Mind you, I live in a deprived northern town so the mobile networks around here are never congested with thousands of devices being connected (unlike I imagine what it would be like in Newcastle) – only time it has been was when the entire power supply in the town failed for a few hours
They can’t get 5G working reliably, so many better to sort that out first.
Works very reliably for me, so much so that i’ve demoted virgin media to being a backup link.
Every time it doesn’t work for one person they come screaming that it sucks or it’s a failure, or it doesn’t work at all for anyone. A lot of people will disagree with you.
Not really. Research isn’t operations. If we don’t begin research others will beat the UK to standardisation and British companies miss out on billions in revenue.

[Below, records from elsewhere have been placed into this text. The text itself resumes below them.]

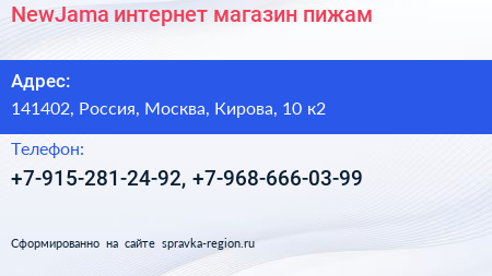 NewJama, интернет-магазин пижам по адресу 141402, Россия, Москва, Кирова, 10 к2 в дальнейшем Организация, размещена в следующих категориях:
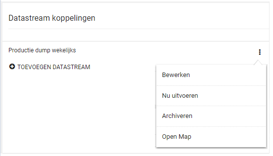 Om een configuratie te verwijderen kan de optie archiveren gekozen worden. Kies hier bijvoorbeeld voor als je de proefdump hebt ontvangen, en de structurele aanlevering van de datastreams via een andere configuratie wordt uitgevoerd.
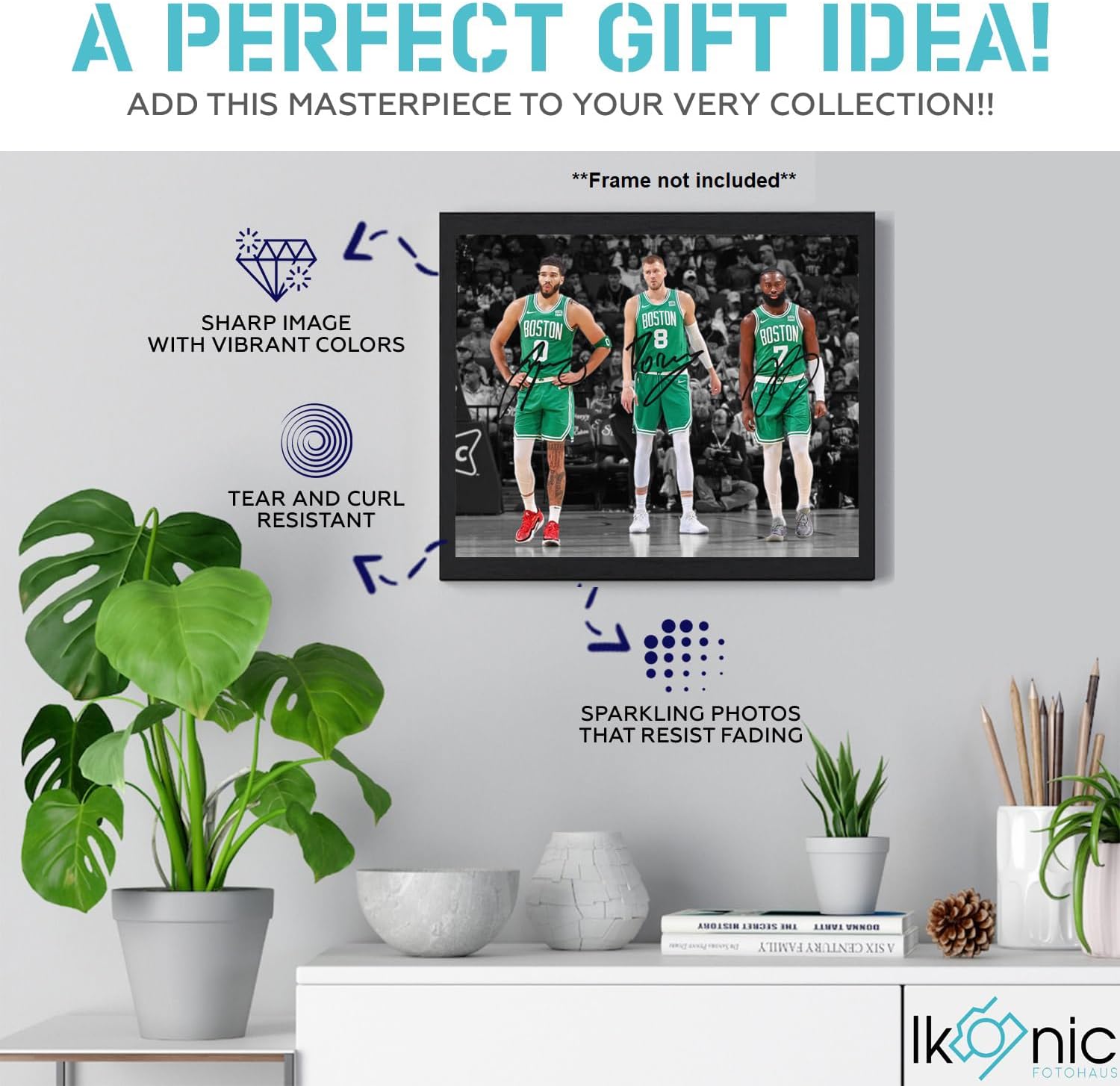 Ikonic Fotohaus Jayson Tatum Jaylen Brown Kristaps Porzingis Signed Photo Autograph Print Wall Art Home Decor

@Country Bumpkin, It is hit-and-miss around here by all accounts, but then this area is not well covered with 5G, I don’t have a 5G phone and in no rush to get one even if 5G worked fine here, because in my opinion 5G on a mobile phone is a complete total waste of time.
I know people in large cities that have 5G, and they tell they have to turn 5G off on their phone and use 4G a fair bit. 5G also don’t like buuildings.
More money wasted on tech along with the over hyped promise of 5G before it, most of us would of been happy with much higher network capacity and full 4G coverage in the UK than sub par battery hungry, pIgion delivery 5G services that most get.
Oddly but not always, switching off 5g on my phone I get better download speeds, that was a disappointment having swallowed the hype.
6G at frequencies approaching 100Ghz and above, would be direct line of sight and possibly only useful in high population or enclosed areas, like shopping centres, stadiums, trains, planes, etc and once you reach 300Ghz you’re in the far infrared optical spectrum. I suppose roadside cells and vehicle to vehicle connectivity might be possible, at high EHF and Infrared 6G frequencies, but the range would be limited by things like rainfall, fog, atmospherics and even the speed of the vehicles.
6G IOT applications will likely appear utilising existing 5G frequencies, but 6G should be considered as an add on to 5G, not a replacement.